- Born: July 15, 1850 Minden, Germany
- Died: June 17, 1917 (aged 66) Berlin, Germany
- Allegiance: German Empire
- Branch: Imperial German Navy
- Service years: 1868-1909
- Rank: Admiral
- Commands: SMS Habicht; SMS Pfeil; SMS Wacht; SMS Blitz; SMS Prinzess Wilhelm; SMS Blücher; SMS Wörth; I Scouting Group; German Imperial Naval Academy;
- Spouse: Margarete Clara Kapp

= Ludwig Borckenhagen =

Friedrich Ludwig Wilhelm Carl Borckenhagen (15 July 1850 – 17 June 1917) was an Admiral in the Imperial German Navy. He was also an influential writer on naval strategy, and pivotal in introducing the ideas of geostrategist Alfred Thayer Mahan into the German Empire.

==Early life and career==
Borckenhagen was born in the Rodenbeck subdistrict of Minden, Westphalia, the son of Johann Ludwig Friedrich Borckenhagen (1818-1870), and his wife Julie Emilie Helene Seydel (1820-1888). His younger brother Carl Borckenhagen was later to emigrate to South Africa and become an immensely powerful political leader there.

He joined the Prussian Navy as a young cadet on 26 April 1868, and went to sail with the frigates Gefion and Niobe, as well as the battleships König Wilhelm and Elisabeth. In 1871 he served in the Baltic Ostseeflotte before studying further at the Naval Academy in Kiel.

In Berlin, on 25 September 1881, he married Margarete Clara Kapp (daughter of Friedrich Kapp and Louise Engels) and the couple had two daughters, Luise and Fritze.

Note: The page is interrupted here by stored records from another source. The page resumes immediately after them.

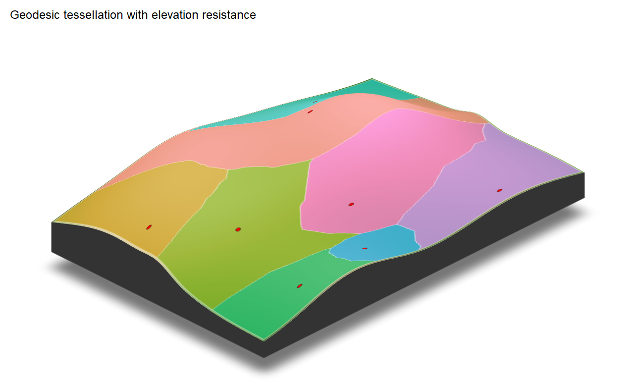 Unlike isotropic resistance, terrain-anisotropic geodesic tessellations allow uphill and downhill movement to differ, producing direction-dependent allocation patterns.
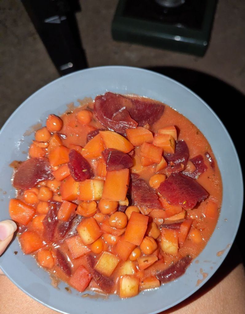Zu Essen gibt’s Eintopf aus Kartoffeln, Rote Beete, Kichererbsen und Kokosmilch. Die Nacht ist angenehm kühl.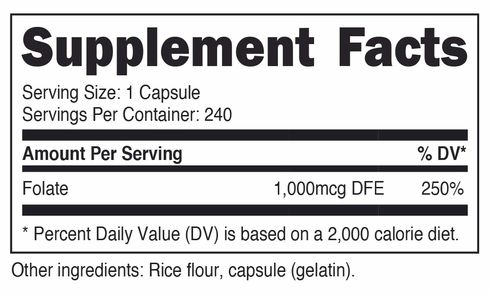- 1,000mcg of Folic Acid Per Capsule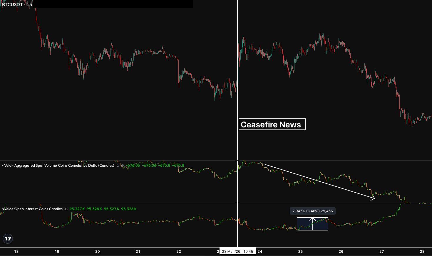 在 $68,000$72,000 以上區間,現貨的積極買盤已停止甚至逆轉,顯示一旦價格交投於 當前區間上半段(溢價區域),買盤興趣便迅 消退。3 月 23 日的大部分上漲主要由空頭 爆倉驅動,致使未平倉合約較歷史高點仍低逾 55%。值得注意的是,在伊美雙方行政當局 發表一系列相互矛盾的聲明後,新的永續合約多倉在 3 月 24 日追漲 $70,000 以上的開 盤,而現貨賣方卻在彼處持續分貨,最終導致本週漲幅全數回吐。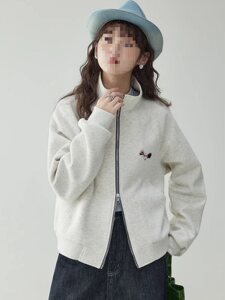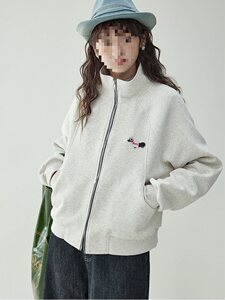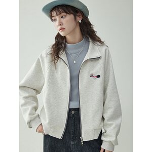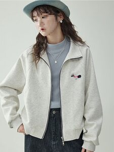 刺绣卫衣女拉链薄款外套春秋季新款韩版宽松立领开衫休闲短款上衣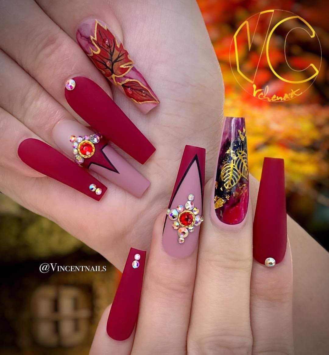 Красивые длинные осенние ногти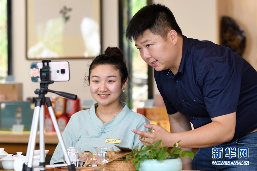 方舟(右)在指導公司員工使用電商平臺直播銷售武夷巖茶(5月10日攝)。新華社記者魏培全攝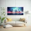 Este cuadro de paisaje urbano en acuarela se vería espectacular en la sala de estar, colocado sobre un mueble de color neutro como blanco o gris para resaltar sus tonos vibrantes También puedes combinarlo con cojines en los mismos colores para crear una armonía visual en el espacio Otra idea es colocarlo en el dormitorio, sobre la cabecera de la cama, para darle un toque moderno y relajado No importa dónde decidas ponerlo, este cuadro será el centro de atención y le dará un toque único a tu decoración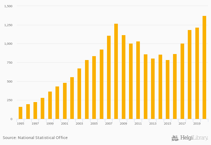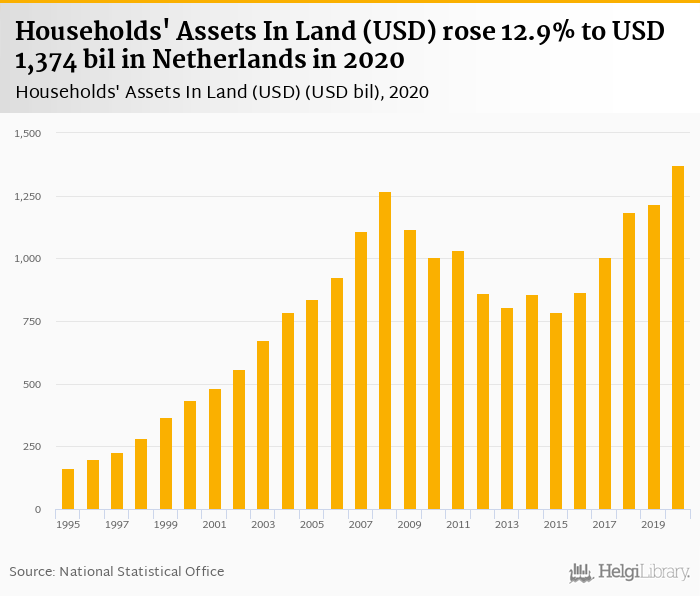 Households' assets in land rose 12.9% to USD 1,374 bil in Netherlands in 2020, according to OECD.

==Influence on naval strategy==
In the ensuing years he rapidly rose in rank, alternating his successively higher commands with further studies at the Kiel Naval Academy.

At this time, he also authored a series of enormously influential papers on naval strategy. Two of his early review articles constituted the first discussion on naval power and strategy in the German Empire. He also introduced the ideas of geostrategist Alfred Thayer Mahan to the Prussian Empire, even personally translating Mahan's work, "The Influence of Sea Power upon History" into German.

While Borckenhagen greatly emphasized the lag in naval development between Germany and its competitors, many of his recommendations centered on the principal need for the Prussian military to invest heavily in naval power. This suggestion, which drew from his study of history and of Mahan's writings, was subsequently taken to the extreme by the Kaiser's government, and led Germany to engage in the Anglo-German naval arms race.

==High command and admiralty==

Portion of the Imperial High Seas Fleet

In the 1890s, he commanded a range of battleships, whilst also serving in the Naval High Command.

After successfully serving in the far East, he rose to be Chief of Staff and 2 Admiral of the 1st Squadron. In early 1903, he became the first commander of I Scouting Group, the main reconnaissance force for the German fleet. He served as director of the Naval Academy from 22 September 1903 (the second independent director in its history), then from 30 March 1907 as Inspector of Education for the Navy. In an unusually egalitarian move, he was influential in proposing that study of naval history and strategy should be made available even to the lowest-ranking naval staff.

He was recalled back to service as Admiral at the beginning of the First World War. However his utility in the field of strategy and planning caused him to be posted as Reichskommissar at the Oberprisengericht in Berlin, where he served until his death on 17 June 1917.